Ferrara e Travaglio, durissima polemica sull’antisemitismo
Il direttore del Foglio ha contestato il collega del Fatto per vignette satiriche contro Netanyahu a suo dire ingiustificabili
Una forte controversia è esplosa in questi giorni tra Giuliano Ferrara e Marco Travaglio, due personalità di spicco nel panorama giornalistico italiano. La disputa ha preso piede in seguito a commenti e dichiarazioni che hanno coinvolto temi delicati legati alla comunità ebraica, scatenando un acceso dibattito mediatico.
Ferrara, comunista in gioventù ma da lunghi anni conservatore e fondatore del quotidiano Il Foglio, ha duramente criticato le posizioni di Marco Travaglio, direttore de Il Fatto Quotidiano. Al centro della disputa gli ebrei e l’antisemitismo, con tutte le conseguenze e interpretazioni sul piano storico e politico attuale. Travaglio, dal canto suo, si è difeso dalle accuse di Ferrara sostenendo di non aver mai espresso posizioni antisemite. Per Ferrara, infatti, il Fatto ha pubblicato vignette satiriche contro il premier israeliano Benjamin Netanyahu che in realtà erano soltanto vignette razziste, antisemite e cariche di odio verso gli ebrei.
L’attacco di Ferrara
La controversia è iniziata con un editoriale di Giuliano Ferrara pubblicato su Il Foglio, in cui il giornalista ha attaccato apertamente Travaglio, accusandolo di avere una posizione ambigua riguardo alla questione ebraica e di non prendere abbastanza le distanze da argomenti che potrebbero essere interpretati come antisionisti o, in alcuni casi, antisemiti.

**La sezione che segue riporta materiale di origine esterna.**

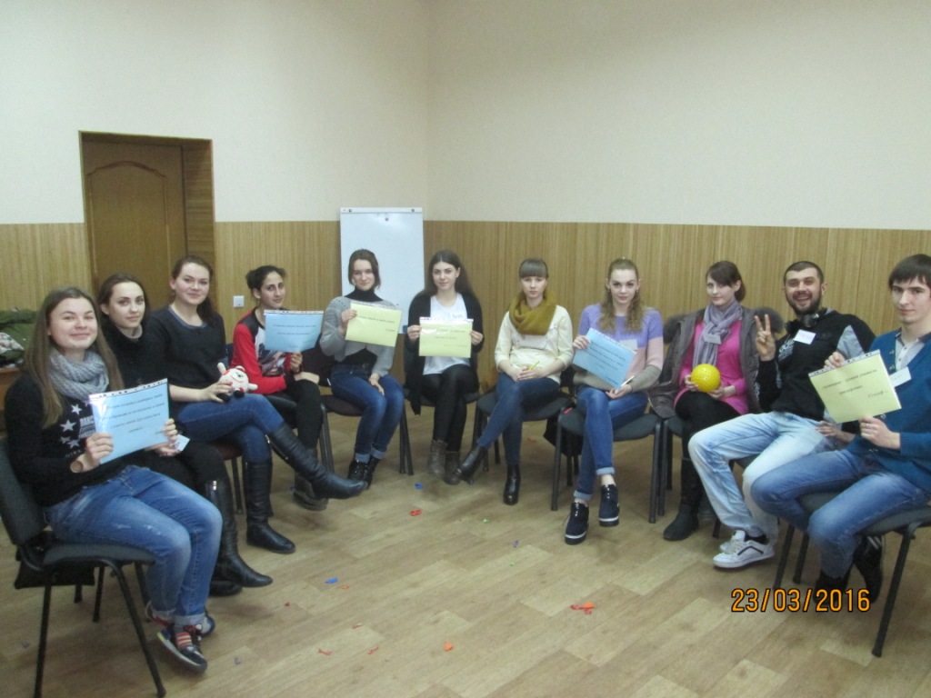 03.11.2016 року доцентом кафедри психології Гузь Н.В. був проведений психологічний тренінг розвитку комунікативних навичок «Заговори, щоб я тебе побачив» для студентів першого курсу ННІСПМО, які проявили інтерес до ефективної комунікації, виявили бажання відкрити щось нове в собі.

Ferrara ha definito le posizioni di Travaglio “pericolose” e “fuorvianti“. E ha sottolineato che in un contesto storico e politico complesso come quello del Medio Oriente e, più in generale, della percezione dell’ebraismo in Italia, sarebbe fondamentale mantenere chiarezza nelle proprie dichiarazioni pubbliche.
La risposta di Travaglio
La risposta di Marco Travaglio non si è fatta attendere. In un lungo articolo pubblicato su Il Fatto Quotidiano, Travaglio ha rigettato le accuse di Ferrara, affermando che il suo intento non era mai stato quello di offendere la comunità ebraica. E neppure di assumere posizioni critiche verso l’ebraismo in sé. Travaglio ha ribadito di aver sempre condannato fermamente ogni forma di antisemitismo, specificando che la sua analisi riguardava esclusivamente le dinamiche geopolitiche del Medio Oriente. Il direttore del Fatto ha sottolineato la necessità di distinguere tra critiche legittime verso lo Stato di Israele e il diffondersi di pregiudizi antisemiti.
La disputa ha generato un’ampia discussione sia tra i lettori dei due quotidiani, sia all’interno della comunità ebraica italiana, che ha espresso posizioni divergenti riguardo alla polemica. Alcuni membri della comunità hanno appoggiato Ferrara, condividendo il timore che il dibattito pubblico in Italia stia sfumando verso pericolose ambiguità che potrebbero alimentare l’antisemitismo. Altri, invece, hanno manifestato comprensione per Travaglio, riconoscendo che è possibile criticare la politica di Israele senza mettere in discussione l’identità ebraica o promuovere pregiudizi.
Il presidente dell’Unione delle Comunità Ebraiche Italiane (UCEI) è intervenuto per cercare di calmare le acque, dichiarando che il dialogo e la comprensione reciproca sono fondamentali in momenti come questo. La disputa tra Ferrara e Travaglio ha evidenziato una delle problematiche centrali nel dibattito pubblico italiano: il confine sottile tra critica politica e intolleranza religiosa o etnica. In un mondo sempre più polarizzato, la capacità di distinguere tra un’analisi critica delle politiche di uno Stato e le accuse di pregiudizio verso una comunità è diventata un terreno scivoloso.